Двое из ларца - Болучевский Владимир. Страница 46
Посетителей на выставке было очень много. Достаточно просторный зал был набит битком. Четыре экскурсовода одновременно говорили в разных местах экспозиции, контролер и два смотрителя изо всех сил следили за тем, чтобы посетители не заходили за красную ленточку и не трогали фигуры руками. Сталина Гурский увидел сразу.
Отец народов стоял почти в самом конце экспозиции, которая была выстроена в хронологическом порядке и начиналась у ближней, прямо напротив входа, стены зала с каких-то древних персонажей, а завершалась фигурами, стоящими почти рядом с контролером. Тут он и стоял.

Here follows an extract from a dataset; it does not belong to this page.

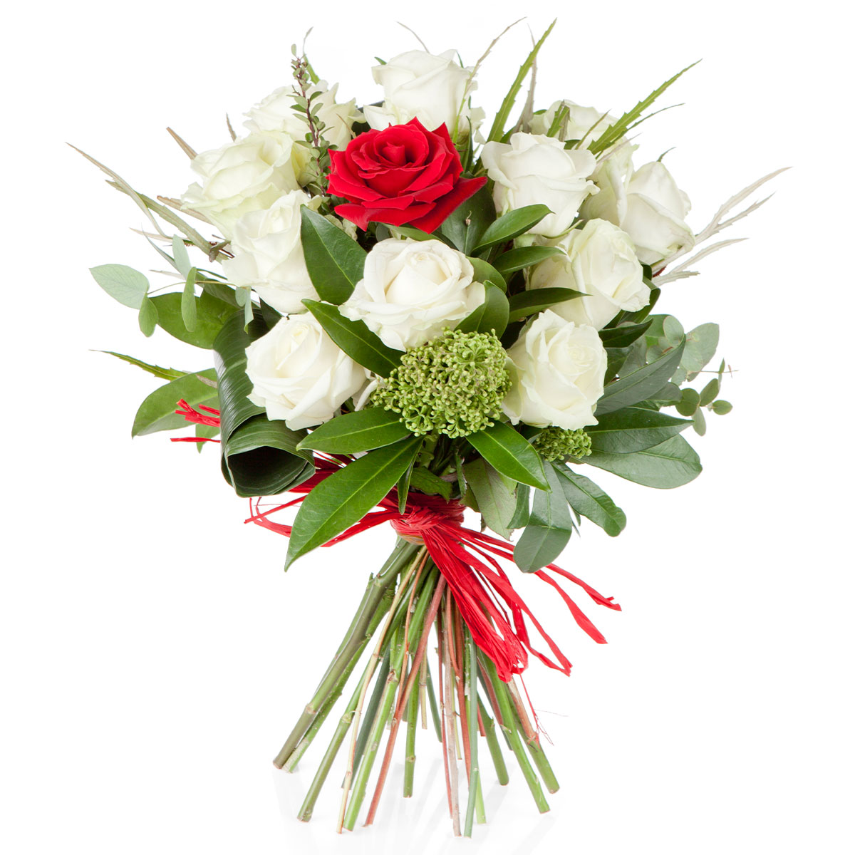 Роза одноголовая белая и красная, скиммия, эвкалипт, аспидистра. Упаковка (лента, пленка, крафт, сетка, пленка матовая)
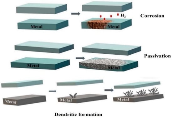 The common issues with metallic anodes are corrosion, passivation, and dendrite formation. These mechanisms are displayed in Figure 12.

В компании с Владимиром Ильичом.
Александр пробрался сквозь плотную группу экскурсантов поближе.
В руке Иосиф Виссарионович держал не муляж. Он держал самую настоящую, старую, хорошо обкуренную трубку. В искусственном полумраке темного, подсвеченного только маленькими направленными светильниками зала видно этого практически не было.

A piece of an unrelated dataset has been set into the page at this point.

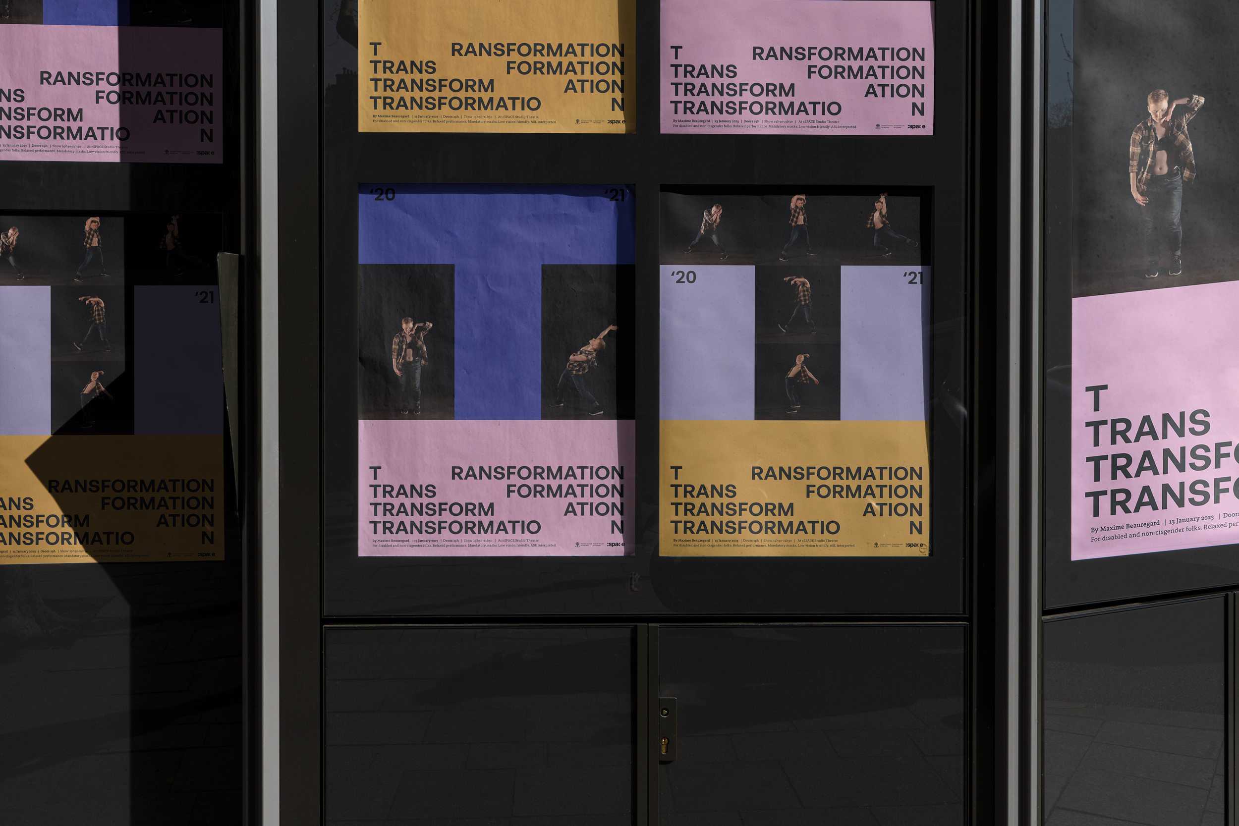 CHALLENGE: Develop the visual identity and promotional materials for a contemporary dance performance entitled Transformation by Maxime Beauregard. As a transgender non-binary autistic person, the show emerged from a year-long exploration documenting the impact of hormonal replacement therapy on their dance practice. It is a creative access performance specifically tailored for the Mad, Deaf, neurodivergent, Disability, and non-cisgender communities.

Но Александр все-таки разглядел. По недоступной. разумению Гурского причине посетители особенно охотно «фотались» на память в компании именно этих исторических персонажей. Причем выделить какую-нибудь одну социально— имущественную группу народонаселения было невозможно. Забраться за огораживающую фигуры красную ленточку, чтобы сунув приятелю импортную «мыльницу» со вспышкой, запечатлеть себя меж двух упырей (дружески приобняв их за плечи или просто таращась в объектив), норовили и подвыпившие мужики, и отвязанная молодежь, и очень полные мамаши, волокущие в кадр упирающихся малолетних детей.
В силу этого обстоятельства возле данных объектов постоянно присутствовала вконец вымотанная сотрудница выставки, держа ситуацию под неусыпным контролем.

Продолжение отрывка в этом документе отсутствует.